Home Artists Posts Import Register

Downloads

Content

Project Description: 

In this video, I utilized artificial intelligence to generate an animated music video for the song Canvas by Resonate. This tool allows anyone to generate beautiful images using only text as the input. My question was, what if I used song lyrics as input to the AI, can I make perfect music synchronized videos automatically with the push of a button? Let me know how you think the AI did in this visual interpretation of the song.  

After getting caught up in the excitement around DALL·E2 (latest and greatest AI system, it's INSANE), I searched for any way I could use similar image generation for music synchronization. Since DALL·E2 is not available to the public yet, my search led me to VQGAN + CLIP (Vector Quantized Generative Adversarial Network and Contrastive Language–Image Pre-training), before settling more specifically on Disco Diffusion V5.2 Turbo. If you don't know what any of these words or acronyms mean, don't worry, I was just as confused when I first started learning about this technology. I believe we're reaching a turning point where entire industries are about to shift in reaction to this new process (which is essentially magic!). 

Important note:  While this AI is impressive, it still required additional input beyond just the song lyrics to achieve the music video I was looking for. For example, I added keyframes for camera motion throughout the generated world. These keyframes were manually synchronized to the beat by me.
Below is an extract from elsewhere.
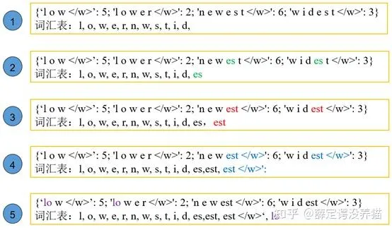 即先将所有单词拆分为字母粒度,例如 l o w : 5,单词low就被分为3个字符,接着再选连续出现频率最高的两个字符,将其合并并且添加到词表中,合并后的字符再后续添加中视为一个字符。例如第三轮添加est,实际上是因为第二轮往词库里加了es之后,将es视为一个整体,再找连续的情况下est出现的概率最高。一直如此循环直到达到设定的词库数目上限为止。

I also specified changes to the art style at different moments of the song. Since many of the lyrics are quite non-specific, even a human illustrator would have a hard time making visual representations. To make the lyrics more digestible by the AI, I sometimes modified the phrase to be more coherent, such as specifying a setting or atmosphere.   

This was my first time working with DDV5, and I'm very happy with the results! There were many times where my jaw dropped upon seeing what the AI came up with. I haven't felt this sense of wonder from technology since I first experienced a HD videogame as a child.

Things I wish I knew before getting started: 

1. This Disco diffusion cheat sheet is an absolute godsend. 

2. You don't need to have an expensive GPU to get started! Here is a link to a google collab where you can get free access to a GPU through google and run all code through a simple browser. Simple run the code blocks one by one and set the parameters to your desired values, following the above cheat sheet when you need further explanation. 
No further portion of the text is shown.